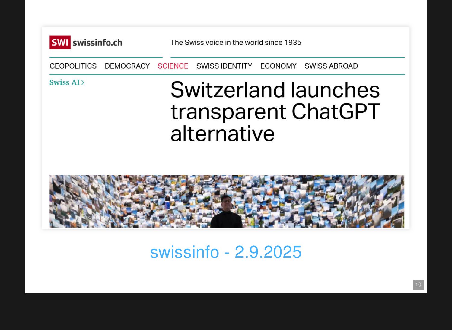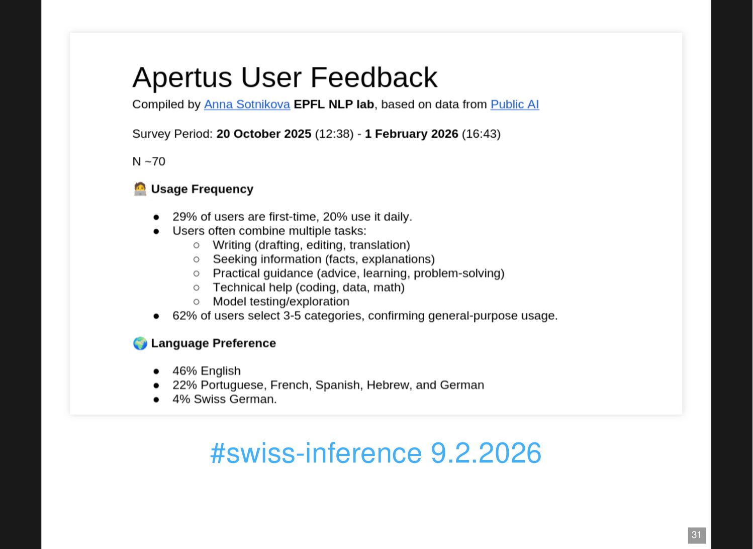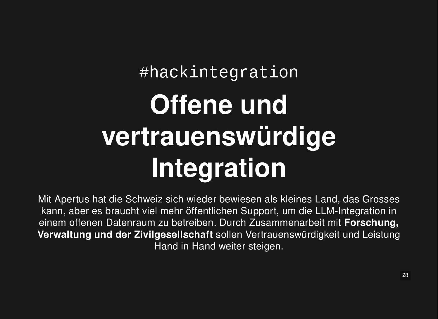 Apertus hat die Schweiz sich wieder bewiesen als kleines Land, das Grosses kann, aber es braucht viel mehr öffentlichen Support, um die LLM-Integration in einem offenen Datenraum zu betreiben. Durch Zusammenarbeit mit Forschung, Verwaltung und der Zivilgesellschaft sollen Vertrauenswürdigkeit und Leistung Hand in Hand weiter steigen. 28
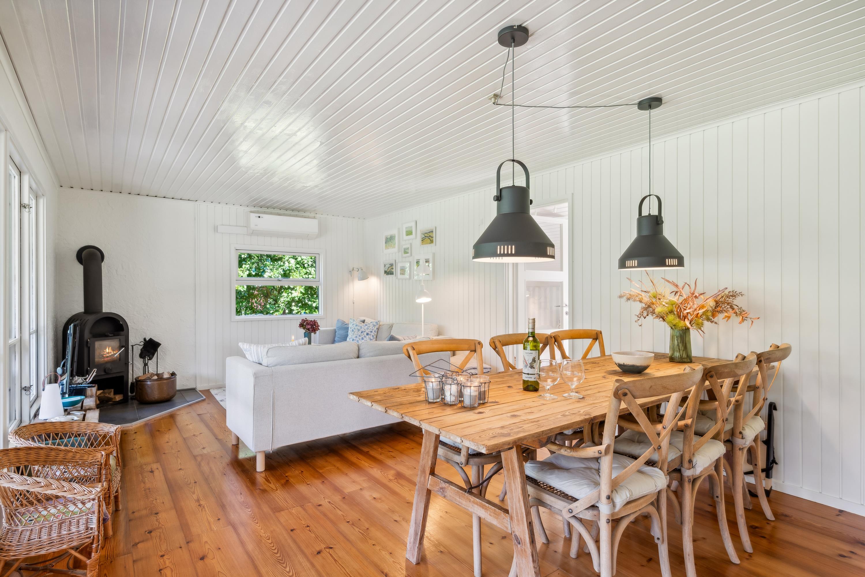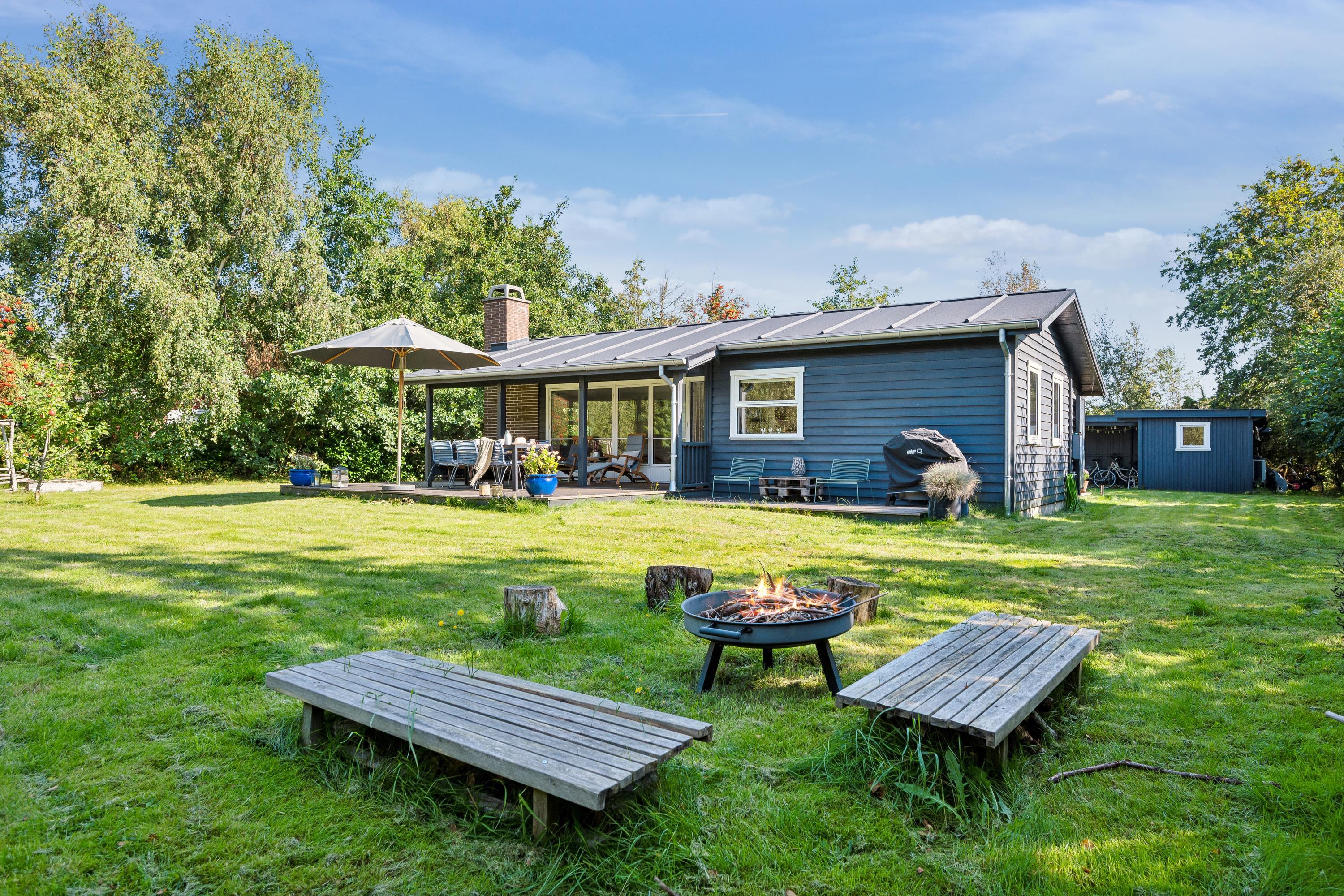 Hyggeligt feriehus tæt på strand og Ebeltoft med brændeovn, terrasse og børnevenlig beliggenhed.
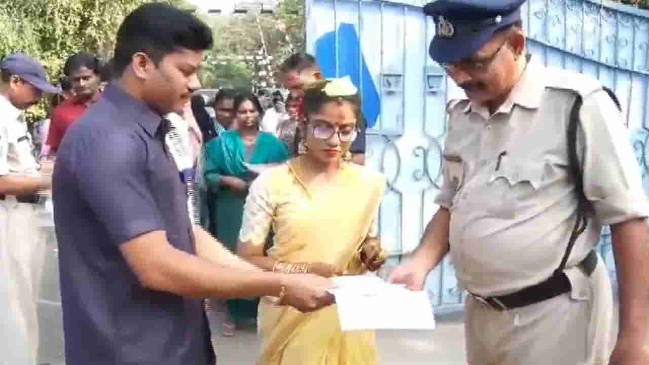 తిరుపతిలో జరుగుతున్న ఏపీపీఎస్సీ గ్రూప్-2 మెయిన్స్ పరీక్షల్లో ఆసక్తికరమైన దృశ్యం వెలుగు చూసింది. తిరుపతిలో 13 కేంద్రాల్లో జరుగుతున్న ఏపీపీఎస్సీ గ్రూప్ 2 మెయిన్స్ పరీక్షకు అధికారులు అన్ని ఏర్పాట్లు చేశారు. అయితే పరీక్షకు హాజరైన ఒక యువతి అందరినీ ఆశ్చర్య పరిచింది. ఏకంగా పట్టు బట్టలు, పెళ్లి కూతురుగా ముస్తాబై పరీక్ష రాయడానికి వచ్చింది. ఆమె చూసి అంతా షాక్ అయ్యారు.
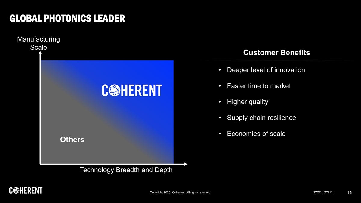 GLOBAL PHOTONICS Leader制造规模客户利益•更深层次的创新•更快的上市时间•更高的质量•供应链弹性•规模经济其他技术广度和深度版权所有2025,连贯一致。版权所有。NYSE I COHR 16
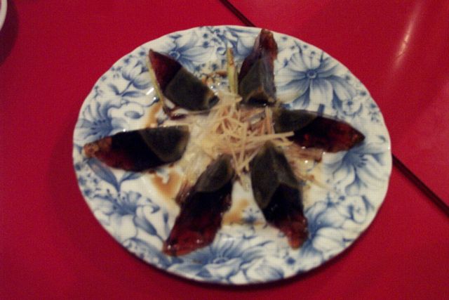 普通のピータン同様美味しいですが、聞かないと、烏骨鶏だかどうだか、わからないですね。(JK)
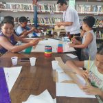 A atividade buscou proporcionar um ambiente lúdico e colaborativo entre os pequenos, utilizando materiais recicláveis, papel cartão, glitter e diversas tintas, tornando o espaço da biblioteca colorido, alegre e festivo nesse período.
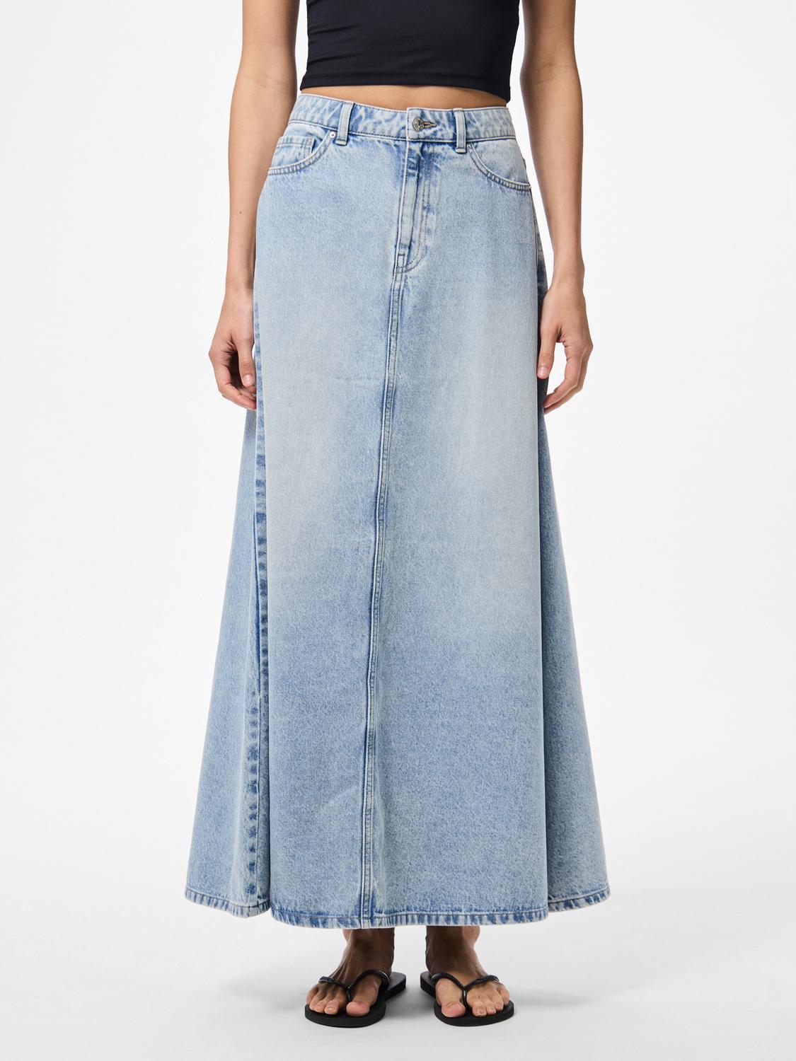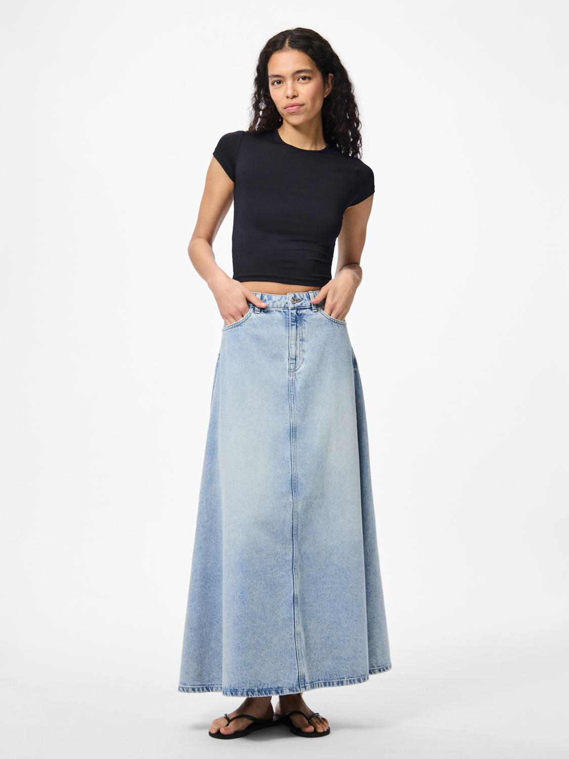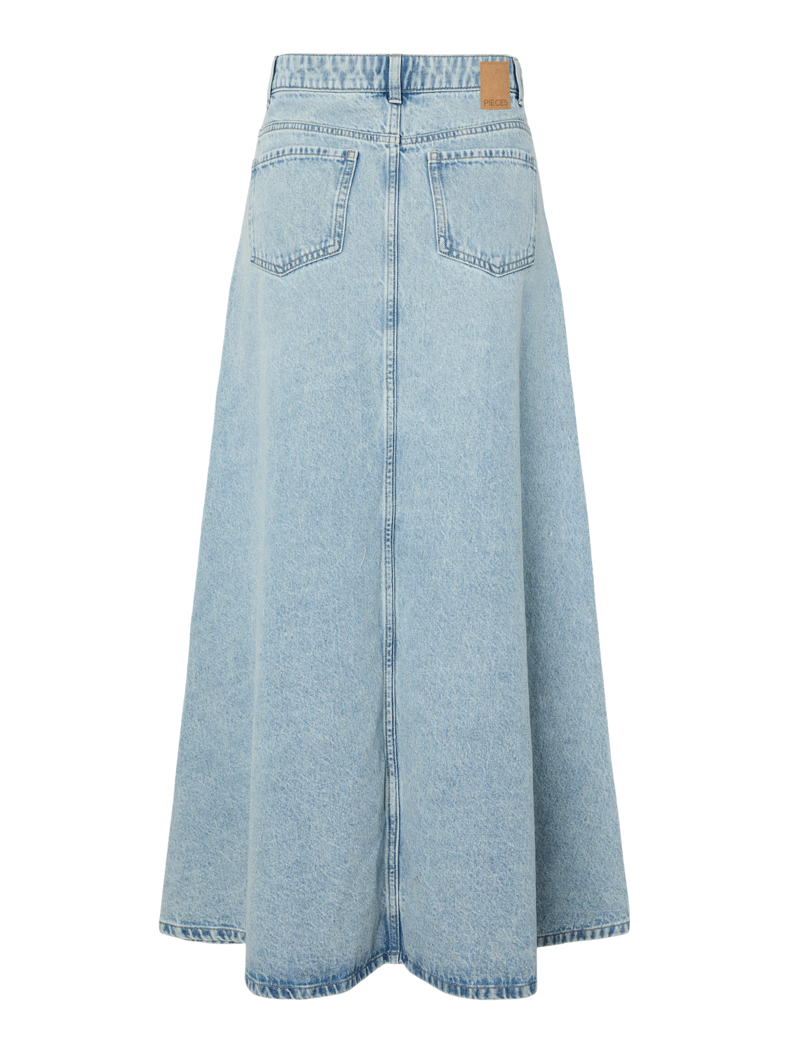 High waist langt denimskjørt. Lommer i siden og a-shape.

::::::

WHAT TO PRODUCE —
Omit pictures and output the listing exactly.

EXPECTED OUTPUT —
 Apertus hat die Schweiz sich wieder bewiesen als kleines Land, das Grosses kann, aber es braucht viel mehr öffentlichen Support, um die LLM-Integration in einem offenen Datenraum zu betreiben. Durch Zusammenarbeit mit Forschung, Verwaltung und der Zivilgesellschaft sollen Vertrauenswürdigkeit und Leistung Hand in Hand weiter steigen. 28
 Hyggeligt feriehus tæt på strand og Ebeltoft med brændeovn, terrasse og børnevenlig beliggenhed.
 తిరుపతిలో జరుగుతున్న ఏపీపీఎస్సీ గ్రూప్-2 మెయిన్స్ పరీక్షల్లో ఆసక్తికరమైన దృశ్యం వెలుగు చూసింది. తిరుపతిలో 13 కేంద్రాల్లో జరుగుతున్న ఏపీపీఎస్సీ గ్రూప్ 2 మెయిన్స్ పరీక్షకు అధికారులు అన్ని ఏర్పాట్లు చేశారు. అయితే పరీక్షకు హాజరైన ఒక యువతి అందరినీ ఆశ్చర్య పరిచింది. ఏకంగా పట్టు బట్టలు, పెళ్లి కూతురుగా ముస్తాబై పరీక్ష రాయడానికి వచ్చింది. ఆమె చూసి అంతా షాక్ అయ్యారు.
 GLOBAL PHOTONICS Leader制造规模客户利益•更深层次的创新•更快的上市时间•更高的质量•供应链弹性•规模经济其他技术广度和深度版权所有2025,连贯一致。版权所有。NYSE I COHR 16
 普通のピータン同様美味しいですが、聞かないと、烏骨鶏だかどうだか、わからないですね。(JK)
 A atividade buscou proporcionar um ambiente lúdico e colaborativo entre os pequenos, utilizando materiais recicláveis, papel cartão, glitter e diversas tintas, tornando o espaço da biblioteca colorido, alegre e festivo nesse período.
 High waist langt denimskjørt. Lommer i siden og a-shape.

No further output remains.